I'm currently planning a five wave study where I have a set of approximately 30 items with 4 specific factors and 1 general factor. The general factor will not load on all of the items.
I'm trying to decompose the variance for the general and specific factors at each point in time. To examine this, I was planning to run a five group bifactor model treating each point in time as a group and examining invariance across time along with changes in the variance decomposition. This brings up two questions:
1) It seems that if I'm interested in variance decomposition it would be a bad idea to constrain the item intercepts to be equal (at zero) so I would want to include a mean structure, correct?
2) My reading of the IRT literature is that with categorical measured variables the computational demands of this would be quite large due to the integration required. I have continuous indicators but I can't seem to find any information on the computational demands. I believe this could be estimated with full information maximum likelihood but I have no idea how computing power would be required for a 4 specific factor, 1 general factor model with a mean structure and 5 groups (i.e., time). I guess I'm wondering if I should pursue other options if the computational demands are going to require something like 1-2 days per model.
You say you have a five-wave study and you want to treat time as group so I assume you have different subjects at the different time points because that would assume independent samples at each time point.

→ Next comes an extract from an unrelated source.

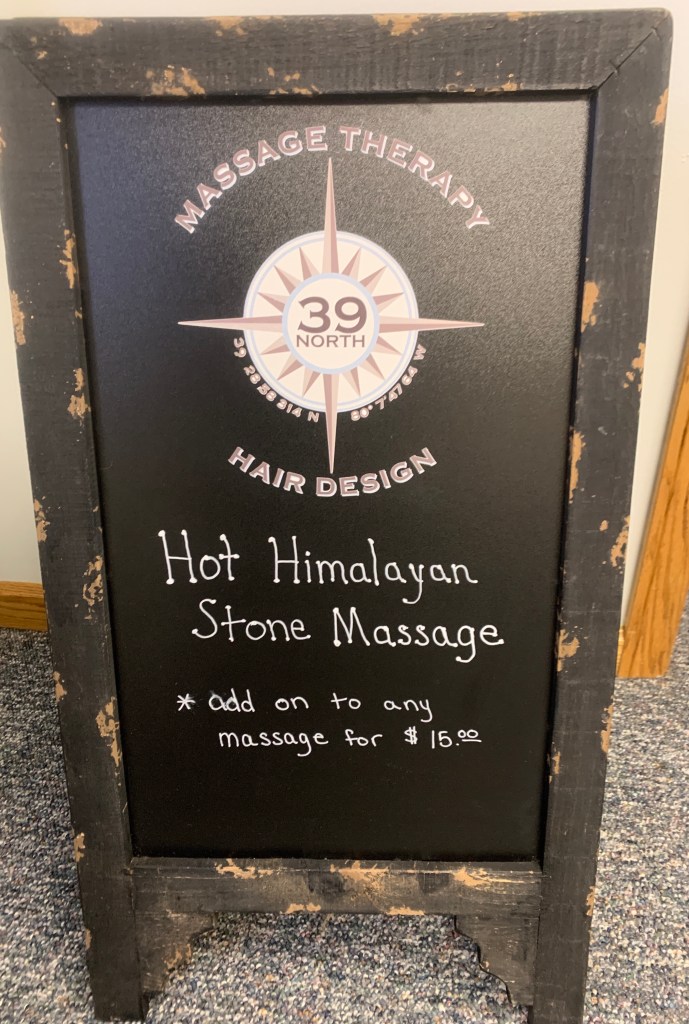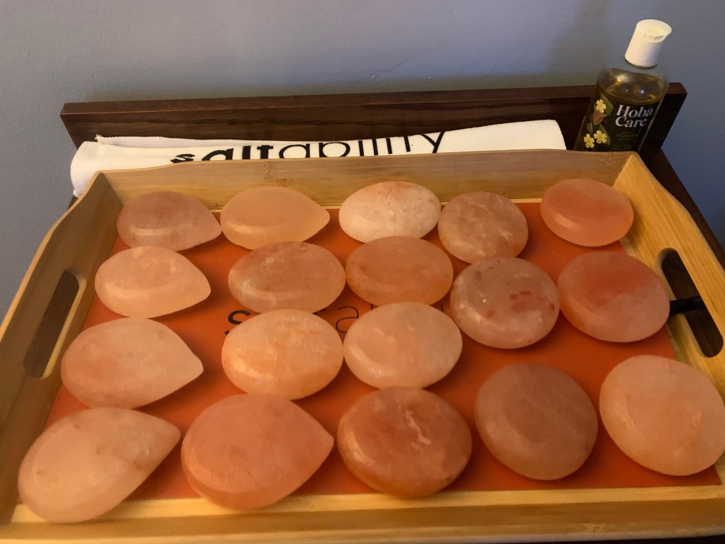 I immediately thought, I’ve never tried that. The heated pad on the massage table is luxury enough, but the thought of having heat rubbed into my body with hot, Himalayan stones was irresistible. Sign me up for that, please!

1) If you are interested only in variance decomposition you don't in principle need scalar invariance (intercepts also invariant).
2) 5 dimensions is heavy with categorical items and ML estimation due to numerical integration although integration = montecarlo(5000) is a possibility if you have a fast computer with several processors. WLSMV makes the computations easier.
Sorry, I forgot the repeated measures part so same sample across five waves. I was under the impression that treating time as a group was the best way to test for metric non-equivalence and changes in the variance decomposition across time. I'm hypothesizing that as time progresses, the general factor will begin explaining more variance in the items and the specific factors will lose meaningfulness.
The most natural way is to analyze this in wide format, so 5 x 30 items. But this is computationally challenging. For WLSMV it is tough due to many variables and for ML it is tough due to many factors.
A computationally easier way is to analyze it as 2-level with level-1 being time and level-2 being subject, where you can impose a growth model. This, however, assumes measurement invariance without testing that.